A New Language That Imperialists Should Learn at Once
The new language, “Clarison, is an improvement on Volapuk, yet at first glance it appears an awful mixture, says the New York Press. It looks in print like Italian and French, but has a different sound from either. Here is a sample:

”Posta estis yo vidu descender da ti celo an altri angelu, cu avu grandi otoran; en ti tero silumu da glorio. En lu clamu co a pevril voco, dicant.“

This in plain English is:

”After these thing I saw descending from heaven another angel, who had great authority, and the earth was lightened by his glory. And he cried aloud with a might voice and said.“[1]

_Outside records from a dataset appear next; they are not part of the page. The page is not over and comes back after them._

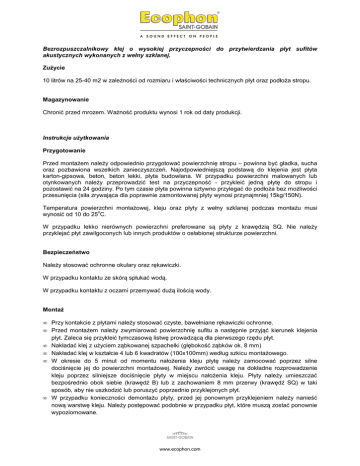 Bezrozpuszczalnikowy klej o wysokiej przyczepności do przytwierdzania płyt sufitów akustycznych wykonanych z wełny szklanej. Zużycie 10 litrów na 25-40 m2 w zależności od rozmiaru i właściwości technicznych płyt oraz podłoża stropu. Magazynowanie Chronić przed mrozem. Ważność produktu wynosi 1 rok od daty produkcji. Instrukcje użytkowania Przygotowanie Przed montażem należy odpowiednio przygotować powierzchnię stropu – powinna być gładka, sucha oraz pozbawiona wszelkich zanieczyszczeń. Najodpowiedniejszą podstawą do klejenia jest płyta karton-gipsowa, beton, beton lekki, płyta budowlana. W przypadku powierzchni malowanych lub otynkowanych należy przeprowadzić test na przyczepność - przykleić jedną płytę do stropu i pozostawić na 24 godziny. Po tym czasie płyta powinna sztywno przylegać do podłoża bez możliwości przesunięcia (siła zrywająca dla poprawnie zamontowanej płyty wynosi przynajmniej 15kg/150N). Temperatura powierzchni montażowej, kleju oraz płyty z wełny szklanej podczas montażu musi o wynosić od 10 do 25 C. W przypadku lekko nierównych powierzchni preferowane są płyty z krawędzią SQ. Nie należy przyklejać płyt zawilgoconych lub innych produktów o osłabionej strukturze powierzchni. Bezpieczeństwo Należy stosować ochronne okulary oraz rękawiczki. W przypadku kontaktu ze skórą spłukać wodą. W przypadku kontaktu z oczami przemywać dużą ilością wody. Montaż • Przy kontakcie z płytami należy stosować czyste, bawełniane rękawiczki ochronne. • Przed montażem należy zwymiarować powierzchnię sufitu a następnie przyjąć kierunek klejenia płyt. Zaleca się przykleić tymczasową listwę prowadzącą dla pierwszego rzędu płyt. • Nakładać klej z użyciem ząbkowanej szpachelki (głębokość ząbków ok. 8 mm) • Nakładać klej w kształcie 4 lub 6 kwadratów (100x100mm) według szkicu montażowego. • W okresie do 5 minut od momentu nałożenia kleju płytę należy zamocować poprzez silne dociśnięcie jej do powierzchni montażowej. Należy zwrócić uwagę na dokładne rozprowadzenie kleju poprzez silniejsze dociśnięcie płyty w miejscu nałożenia kleju. Płyty należy umieszczać bezpośrednio obok siebie (krawędź B) lub z zachowaniem 8 mm przerwy (krawędź SQ) w taki sposób, aby nie uszkodzić lub poruszyć poprzednio przyklejonych płyt. • W przypadku konieczności demontażu płyty, przed jej ponownym przyklejeniem należy nanieść nową warstwę kleju. Należy postępować podobnie w przypadku płyt, które muszą zostać ponownie wypoziomowane. www.ecophon.com 2(2) • Klej uzyskuje pełną wytrzymałość po upływie 1-2 dni. • Niewyschnięty klej można usuwać z użyciem wilgotnej szmatki. Wyschnięty klej można usuwać jedynie mechanicznie. • W przypadku przerw w instalacji należy zakrywać opakowanie kleju. www.ecophon.com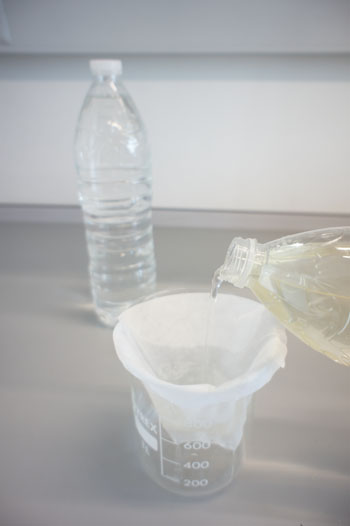 Si disposes d’un microscopi, pots agafar unes gotes de cada una de les ampolles i observar la presència o absència d’algues microscòpiques (microalgues) i veure les formes que poden tenir. Però si no en tens, pots veure la teva proliferació en un filtre de cafè. Per fer això, cal que filtris el contingut de cada ampolla en un filtre de cafè. Deixa eixugar els dos filtres, obre’ls i compara’ls. La diferència de color, amb color un i transparent l’altre, t’indica el creixement de microalgues que has tingut en la primera, gràcies als nutrients (fertilitzant) que li has posat, la llum i ajudat per la temperatura alta. Quan hi ha moltes algues microscòpiques, aquestes es fan visibles a l’ull nu i diem que al mar hi ha una proliferació de microalgues.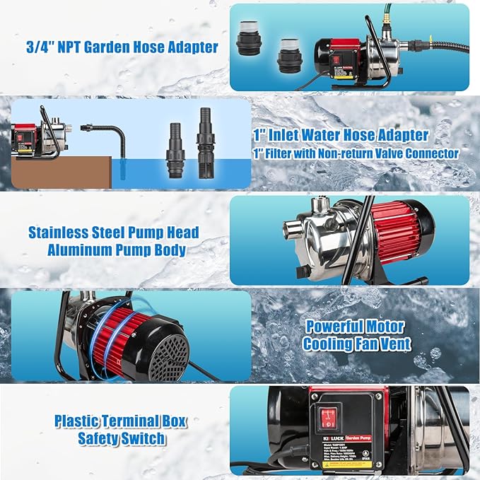 • 【More thoughtful design】 More than other pumps, our shallow well water pump comes with a unique set of fittings for your water inlet hose, which includes a 1″ Inlet Water Hose Adapter and a 1″ Filter with Non-return Valve Connector. This set has a filtering function that prevents contaminants from entering the pump and reduces the risk of clogging the motor. In addition, the 3/4″ NPT Garden Hose Adapter allows you to switch between the 1″ outlet and inlet for multiple connections.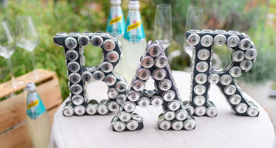 Die Buchstaben aus Pappkarton werden anschließend mit Acrylfarbe bemalt und Kronkorken beklebt. So entsteht mit wenig Material ein tolles Deko-Highlight für Eure Hochzeit.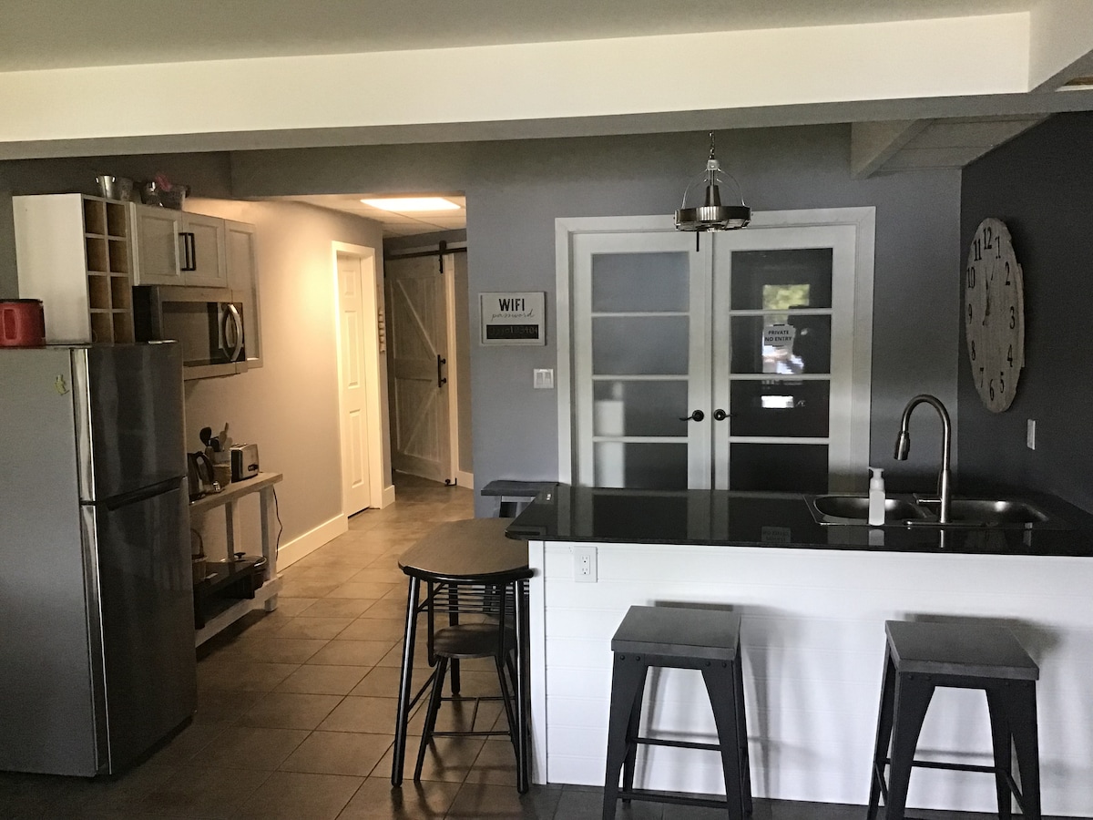 "80 dönümlük özel bir inzivaya🏡 kaçın! Rahat 1 yatak odalı süitte çift kişilik yatak, tam donanımlı mutfak, yüksek hızlı, kablosuz internet bağlantısı, Roku donanımlı TV'ler, gazlı şömine ve duşakabin bulunmaktadır. Güneşli yaşam alanında uzanın veya doğa parkurlarını keşfedin. Sessizlik ve konfor arayan çiftler, yalnız veya uzaktan çalışanlar için mükemmeldir. Sigara içilmez, tamamen mobilyalı, sakin vahşi doğanın ortasında modern olanaklara sahiptir. Murphy yatağı mevcut. Kışın evimizi odunla ısıtıyoruz, bu yüzden havada duman kokusu olacak.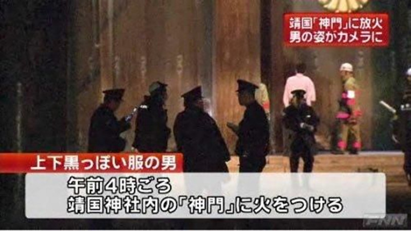 他将准备好的汽油泼在神社的基座和顶部的日本国徽上,用打火机点燃,瞬间火势大起,靖国神社被大火包围。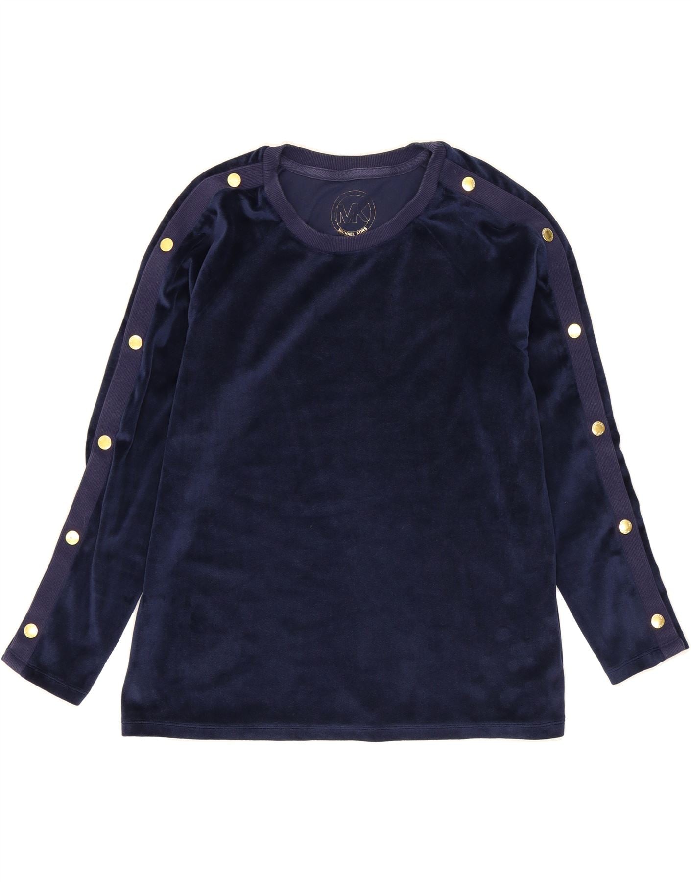 - AI Description: This Michael Kors women's set offers classic style and comfort. The navy blue velvet fabric, a blend of polyester and elastane with cotton trim, creates a luxurious feel. The regular fit set features a round neck, long sleeves, and convenient pockets. An elastic waist ensures all-day ease. Accented with buttons and the brand's logo, this pullover style set is new with tags. Label size P/M. Material composition: BODY: 92% POLYESTER 8% ELASTANE; TRIM: 96% COTTON 4% ELASTANE.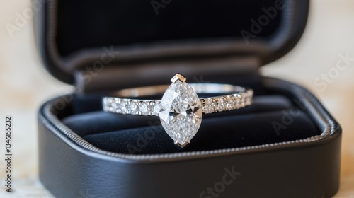 A white gold engagement ring with a pear-shaped diamond resting inside an elegant black jewelry case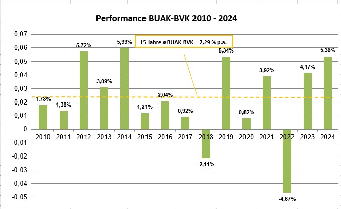 Anbei ein Überblick über die Jahresperformance der BUAK Betrieblichen Vorsorgekasse in den letzten 15 Jahren. Mit einer durchschnittlichen Jahresperformance von 2,29% p.a. konnte die BUAK Betriebliche Vorsorgekasse auch während der Niedrigstzinsphase mit ihrer vorsichtigen Veranlagungspolitik über die Jahre hinweg erfreuliche Erträge für Ihre Abfertigungsbeiträge erwirtschaften.

Clarison is a clear, sonorous, expressive and emphatic. It is less thin than Italian, less guttural than Spanish, and altogether eliminates the nasal vowel sounds of French and Portuguese. Compound tenses are not separated, as in most modern tongues. Neither ”I have often struck him“ (as in English), nor ”I have him often struck“ (as in German) is allowable. The sentence in Clarison is: ”Yo ave frapi lun frecora“ (I have struck him often). The French form would be ”Je l’ai souvent frappé." It is claimed by the author of Clairson that any person over 21 years of age who knows French, Spanish, Portuguese or Italian will be able to learn all the rules of the new tongue in a few hours, and can currently speak and write it within two or three weeks. The English speaking student of ordinary intelligence can, he declares, read the language in less than three months, and speak it fluently in three or four.
We’re left with some strange examples of the language. One is about the beginning of the apocalypse, the other is little phrase with its implications of repeated violence. Later, shorter, articles (such as this one from the Breckenridge News of Cloverport, Kentucky), noted that
The author of “Clarison” claims that it can be completely mastered in two or three weeks. But the failure of Volapuk ought to serve up a warning. If the Latin races desire a practical world’s language they must take up the story of English.
Clearly as the newspapers described the author of Clarison as simply “the author of Clarison,” they don’t seem to have known any better identity. For lack of better, I’m going to use the initials ALN, and I’m going to assume that the author was a man, but I could be wrong. ALN did his homework. In his London Year Book piece, he is familiar with a variety of international language proposals. There’s a critique of Volapük, and then he mentions
the Pasilingua of Steiner,[2] Dr. Esperanto’s Linguo Internacia,[3] the Ideography of Don Sinibaldo de Mos, and a very extraordinary and quite incomprehensible work, entitled Alevato,[4] by S.P. Andrews, an American. The new proposals were often schoolboyish in their innocence; in some, Latin and Romance terminations were annexed to English and German roots;
ALN was somewhat snarky about this, noting that these languages “provided me with humorous relief among extensive studies, which otherwise would have become dry and wearisome.”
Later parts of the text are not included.